What is needed —
Once you find the line with "豊福倭さんの天運は32画の5点!" in the entries below, print it and each line after it up to and including the line with "The project presented", exactly, without pictures.

[Stored entries]
* * *

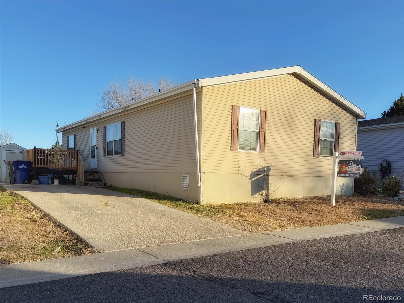 Showings start 11/26/25. SELLER OFFERING 10K TO BE USED TOWARD LOT PREMIUM PAID FOR NEW BUYER OR CLOSING COSTS Welcome to this spacious double-wide, 4-bedroom, 2-bath home in Redwood Estates. Offering over 1,400 sq ft of living space, this home features an open layout, a formal dining area, and a large primary bedroom with private bath. Enjoy a front deck for relaxing or visiting with company, plus access to community amenities including a clubhouse, swimming pool, basketball court, soccer field, dog park, and playground. Conveniently located near Water World, shopping, restaurants, and quick highway access for easy commutes to Denver and surrounding areas. Buyer must apply and be approved by the community for lot lease transfer prior to closing. Contact the Redwood Estates Office at (303) 427-1761 or visit www.bayshorehomesales.com/communities/redwoodestates for approval information. Financing options are available through Vanderbilt Mortgage, ANB Bank, 21st Mortgage, Credit Human, and Triad Financial Services. Sold as-is and priced to sell. Showings begin November 20, 2025.
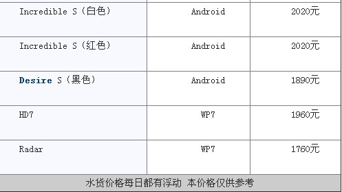 HTC主流机型价格
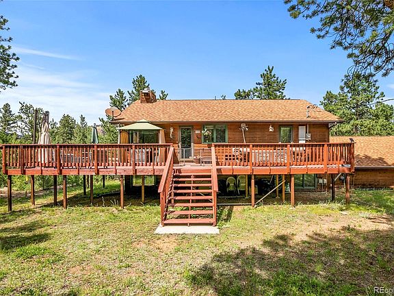 Lovable, move-in ready horse property mountain get-away with Starlink* allows for work-from-home with the privacy of 5 acres of pine forest. It is mere steps from your log and stone home to the barn to hop on Black Beauty and ride every morning on the trail adjacent to the property. Brush her down and take a soak in your private hot tub on the huge deck. Saunter by the ample kitchen for a cup of Joe as you head down the hall to the large primary ensuite with room for another living area complete with couches and tv. 3 bedrooms, laundry and a great room are below you on the main floor. Close to shopping in Pine, Conifer and Evergreen and an easy commute to Littleton, Denver or Golden, you'll love also being close to trailheads for hiking, riding, off-roading and more.
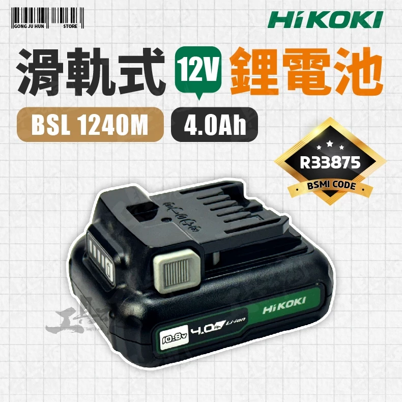 HIKOKI- 滑軌式鋰電池 BSL1240M 12V 4.0ah 鋰電池 日立
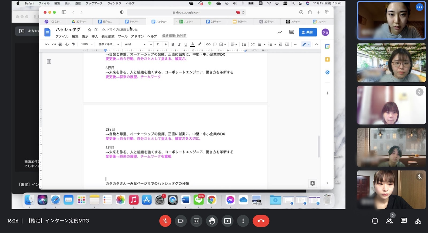 ITの勉強と並行して2021年9月から内定者インターンシップに参加し、他3名の同期と一緒に新卒採用ページの改修を進めています。
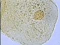 Ed ecco un altro esempio di osservazione al microscopio didattico: quella qui fotografata con la stessa tecnica delle precedenti è una cellula della mucosa boccale umana, prelevata in modo molto semplice da uno studente tramite un tampone. Mentre la fotografia precedente è scattata a 400 ingrandimenti, in questo caso si è giunti fino a 1000 ingrandimenti. In essa sono così ben visibili gli organuli, suddivisi in compartimenti e circondati da citoplasma, separati da esso attraverso la membrana plasmatica. |
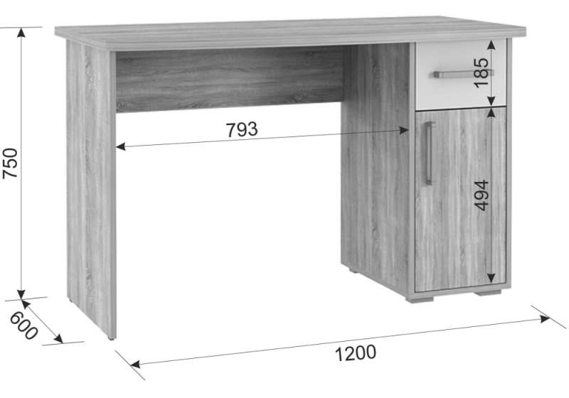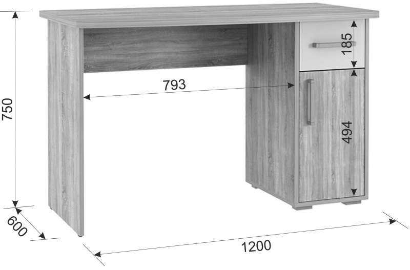 Компьютерный стол Лайт-1 120х60х75 см дуб сонома / белый (60x75)
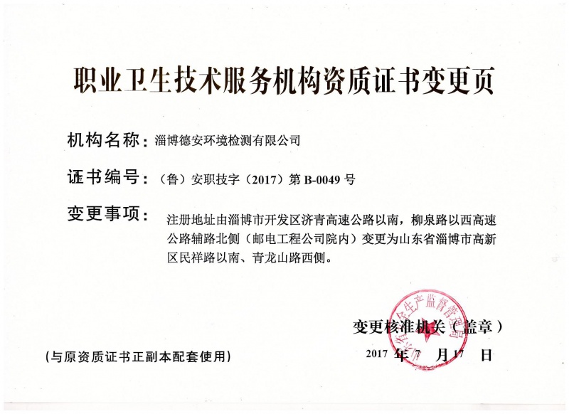 2017年7月8日,完成了計(jì)量認(rèn)證(地址變更)工作,并取得了計(jì)量認(rèn)證證書(shū)及職業(yè)衛(wèi)生技術(shù)服務(wù)機(jī)構(gòu)乙級(jí)資質(zhì)證書(shū)變更頁(yè)。
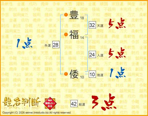 豊福倭さんの天運は32画の5点!
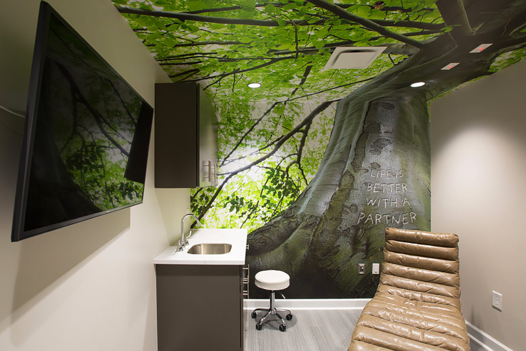 The project presented several challenges. The first being a time frame of 48 hours for the production and installation of the custom digital wallpaper prior to the grand opening of the new location. Next, the offices for Lile Wellness were still under construction, and one of the custom wallpaper murals continued on from the wall and onto the ceiling.
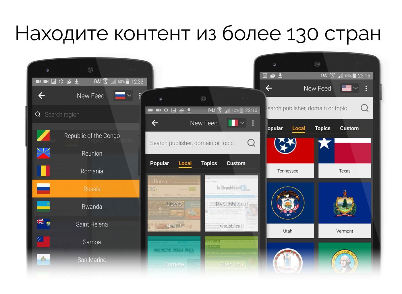 ★★★NewsTab – это уникальное приложение, организующее новости и прочий контент для чтения как глобальных, так и местных новостей. Приложение поддерживает многочисленные журналы новостей и RSS на различных языках из более 130 стран.★★★ NewsTab синхронизируется со всеми вашими устройствами и платформами (Android и сеть). Устали продираться через многочисленные приложения с новостями и контентом, пытаясь организовать топовые события дня? Важные новости теряются среди многочисленных приложений? Местные новости и прогноз погоды проходят мимо вас? Организуйте же все свои новости и журналы в одном прекрасном приложении! В NewsTab вы сможете организовать, читать и делиться новостями и контентом, который вам интересен, черпая их из многочисленных любимых журналов (глобальные и местные новости, а также прогноз погоды). Просто найдите и читайте местные и международные новости из более 130 стран на различных языках. Подписывайтесь на популярные темы и контент (сенсации, спорт, технологии, развлечения, знаменитости, и т.д.) или создавайте собственный организованный контент с новостями и оповещениями Google. NewsTab совмещается с любыми RSS, новостями Google или Twitter, поэтому так легко подписаться на любую тему, тэг, блог, газету, журнал или сайт. NewsTab – это прекрасное новостное приложение, разработанное для приятного чтения любимых новостных сайтов (через RSS иTwitter) с удобным переходом на изображения. Оно объединяет гибкость таких открытых RSS-приложений, как Feedly или Google Reader, с интуитивным и визуальным интерфейсом прочих новостных приложений, например, Flipboard, News Republic или LinkedIn Pulse. С NewsTab вы можете с легкостью подписаться на любую тему, журнал или RSS, и организовать их в разделы на основе своих предпочтений. Вы также можете добавить свой аккаунт на Twitter и отслеживать новостную ленту, пользователей и тэги. Для любителей международных новостных сайтов мы создали мощный каталог, проиндексировав миллионы страниц топовых международных и местных газет и журналов из более 130 стран на различных языках. Топовые регионы включают Россию, Бразилию, Мексику, Китай, Индию, Японию, Германию, Италию, Англию, Францию, Израиль и многие другие страны. Топовые языки включают английский, итальянский, испанский, французский, португальский, русский, китайский, японский, арабский, иврит и многие другие. Ключевые характеристики: • Красиво, интуитивно и весело • Легкий поиск топовых местных и международных журналов из 130 стран • Межплатформенный сервис: хорош как в сети, так и Android • Читайте любые новости (с поддержкой Google News) • Читайте социальные сети и отслеживайте тэги на Twitter • Гибкое и настраиваемое приложение (читайте RSS / Twitter и организуйте свои новости) • Offline, читайте в удобное время. • Совмещается с такими популярными приложениями, как Pocket, Instapaper, Readability, Evernote and OneNote • Красивый и полезный новостной виджет • Поддерживает новостные видео и подкасты
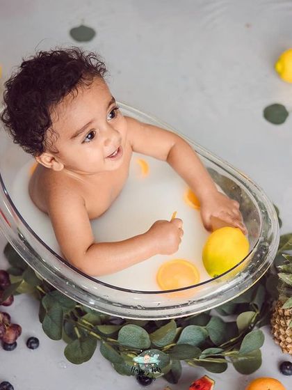 Our milk bath sessions are a huge hit with babies and parents. It's a wonderful sensory experience that almost always guarantees smiles and splashes. We use a safe, warm, shallow bath and add colorful fresh fruits or flowers for a vibrant and unique photoshoot that is as fun to make as it is to see.
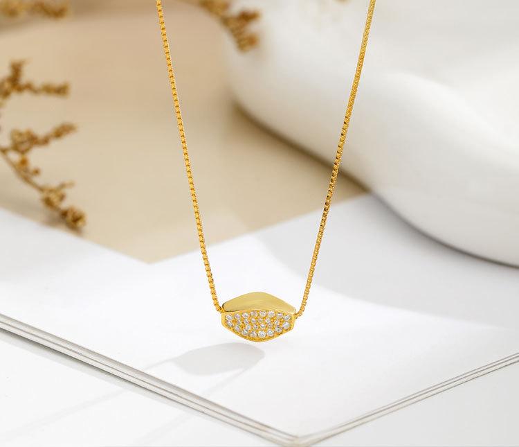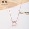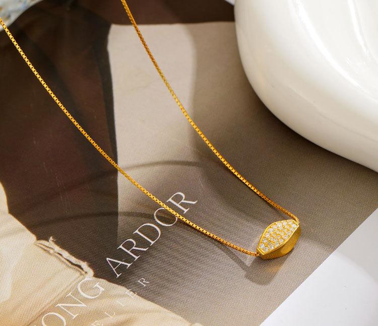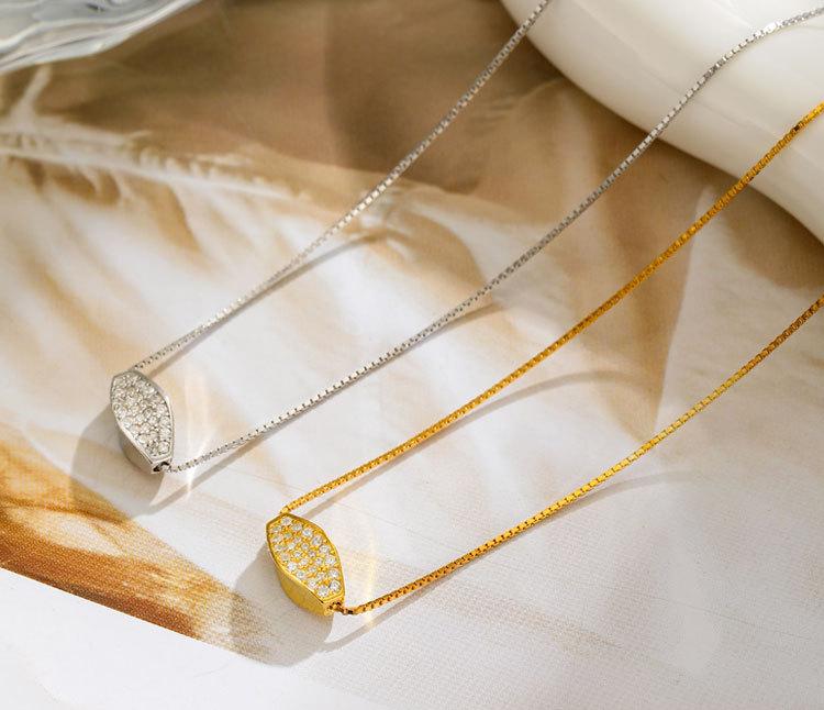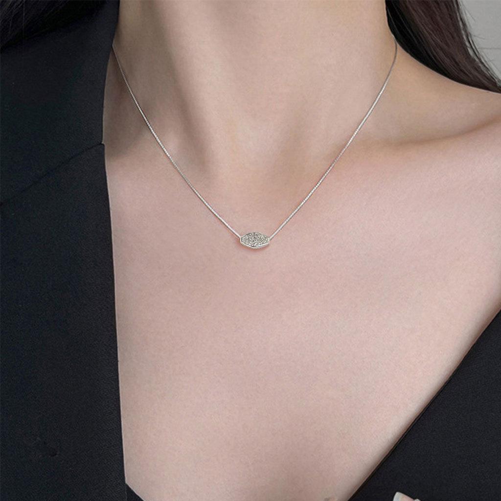 Xi Gu D0542 S925 Collar de plata de ley con diamantes ovalados sencillos para mujer, colgante de cadena de clavícula con nicho de viento frío
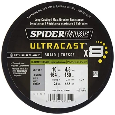 SPIDERWIRE ULTRACAST BRAID combines the best of Spiderwire performance into an eight-strand braided line, constructed using a cold-fusion process for added durability and abrasion resistance. EXCELLENT PERFORMANCE: Whether fishing with spinners, plugs, plastics, or blades, this versatile braided line fits the bill. HIGH STRENGTH PER DIAMETER BRAIDED FISHING LINE: Ideal for freshwater and saltwater alike. Fishing line break strength of 20lb | 9kg. Braid Length: 164yd | 150m. Ultimate Braid-Moss Green is "high-vis" ideal for line watchers to increase strike visibility. EFFORTLESS CASTING: Reduced diameter at the same strength as larger braided lines. This line will glide off the reel and into the water - and back again. WIDE RANGE OF BREAK STRENGTHS AVAILABLE, from 4 pounds to 100. Diameter of 0.006in | 0.15mm helps ensure that exciting fights end well. Superline Mono Equiv: 8lb.
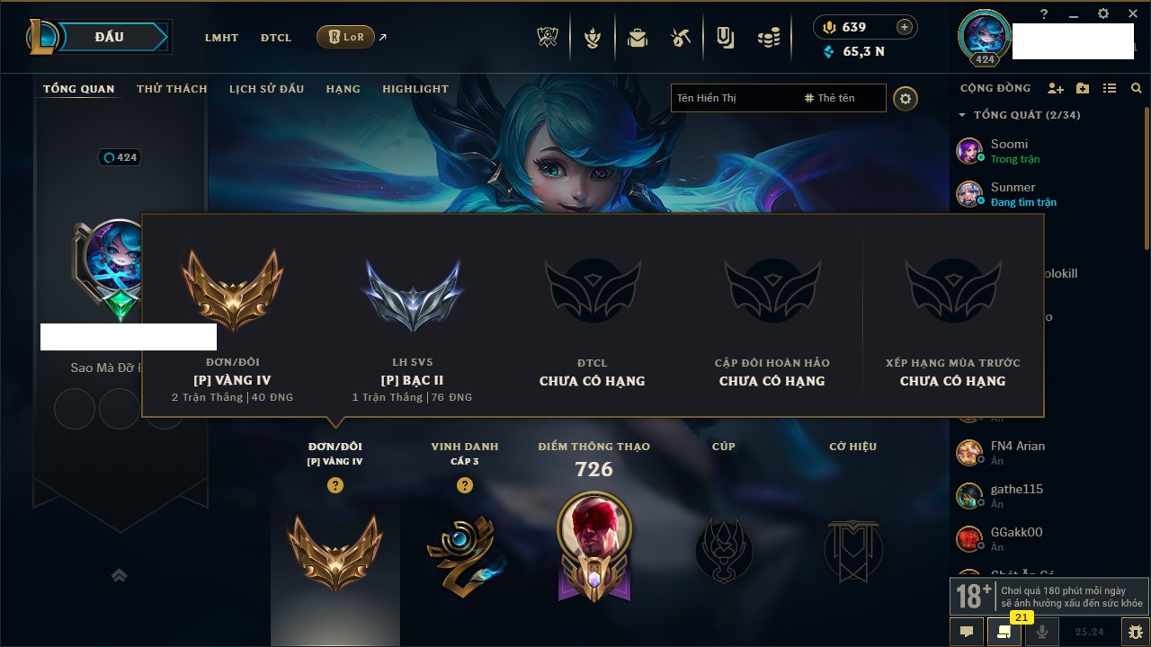 Rank Đơn: Chưa Rank Khung: Vàng Tướng: 126 - Còn 23055 THX Trang Phục: 114 Rank ĐTCL: Chưa Rank Linh Thú: 21
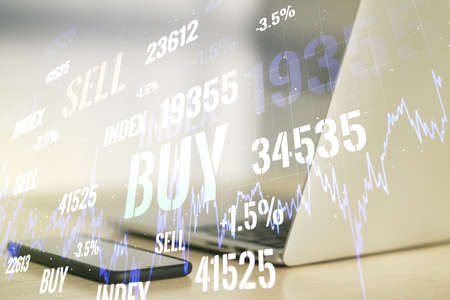 Abstract creative financial graph on modern laptop background, financial and trading concept. Multiexposure
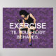 Exercise Til Your Body Behaves slogan with female bodybuilding athlete working out. Great for the girl who loves to go to the gym or health club.
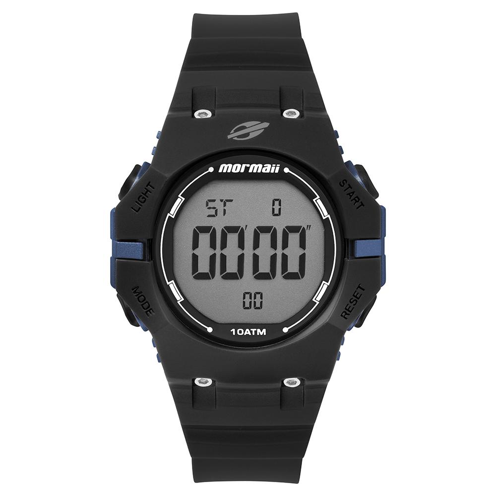 Com caixa em resina preta de 46mm e detalhes em azul, o modelo traz um visual dinâmico e contemporâneo. Seu visor digital de alta legibilidade exibe informações de forma clara, enquanto a pulseira em borracha superconfortável garante ajuste anatômico e durabilidade superior.
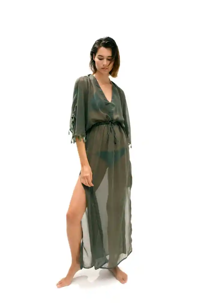 Salida De Baño Larga Tipo Túnica. Su Material Translúcido Muy Fresco, Genera Una Lindas Transparencias Y Las Mangas Que Están Terminadas En Elegante Encaje Guipure / O Borlas Dan Un Toque Sofisticado Y Mucho Estilo. Ideal Para Usar En La Playa, En La Piscina.
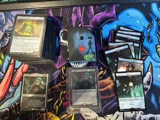 Colección de cartas para Commander de Magic: The Gathering. 100 cartas enfundadas + varias extras. Toda una ganga pa jugar con los colegas. El mazo es bueno (o mis compañeros muy malos), he ganado unas cuantas partidas con el.
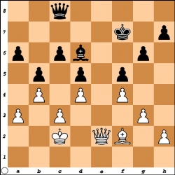 Wellicht begon Peter het zichzelf hier (zie diagram links) moeilijk te maken met 37. Dd1? omdat Zwart nu de Dame naar e4 kan spelen en Wit goed moet opletten dat die niet binnenkomt op bijv. g2, h1 of b1. En als Wit de Dame op e4 slaat, krijgt Zwart natuurlijk een ijzersterke vrijpion. Het beste plan voor Wit in de diagramstellig was dus wellicht om zijn Dame op de e-lijn te houden en de zwarte Dame hoe dan ook niet toe te laten op e4, en als Zwart zijn Dame toch op e4 zou weten te krijgen, die hoe dan ook nooit te slaan. Zwart speelde zijn Dame natuurlijk naar e4, waarna Peter enkele zetten later de beslissende fout maakte door die Dame te slaan en Zwart een vernietigende vrijpion te geven.
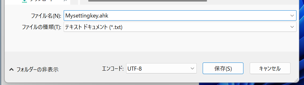 メモを「Mysettingkey.ahk」という名前でデスクトップに保存します。(拡張子は「.ahk」)
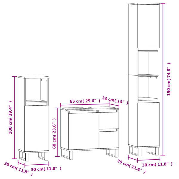 Kylpyhuoneen kalustesarja 3-osainen, savutammi puinen
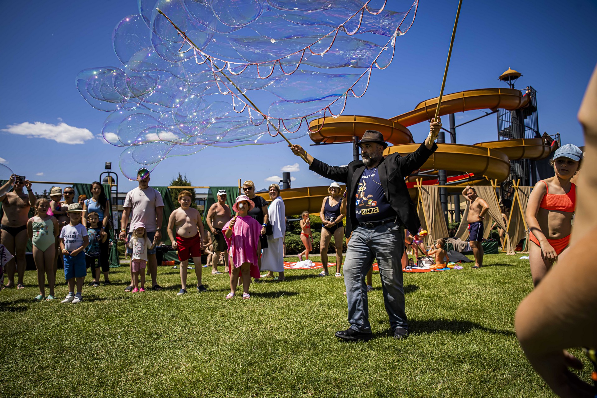Celé podujatie bude moderovať Hugo Sníček, ktorý má pre vás hromadu prekvapení! Okrem zábavného programu na pódiu čakajú na deti aj rôzne súťaže, choduliari či maľovanie na tvár. A k tomu všetkému? Vodné atrakcie, tobogany, bazény a nezabudnuteľné letné zážitky!
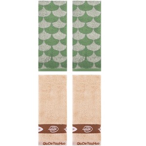 - 4 pcs hand towels, geometric hand towels: 2pcs, 13" x 29", 100% cotton; leaves hand towels: 2pcs, 13" x 29", 70% cotton, 30% polyester

* * *

Answer section —
 豊福倭さんの天運は32画の5点!
 The project presented several challenges. The first being a time frame of 48 hours for the production and installation of the custom digital wallpaper prior to the grand opening of the new location. Next, the offices for Lile Wellness were still under construction, and one of the custom wallpaper murals continued on from the wall and onto the ceiling.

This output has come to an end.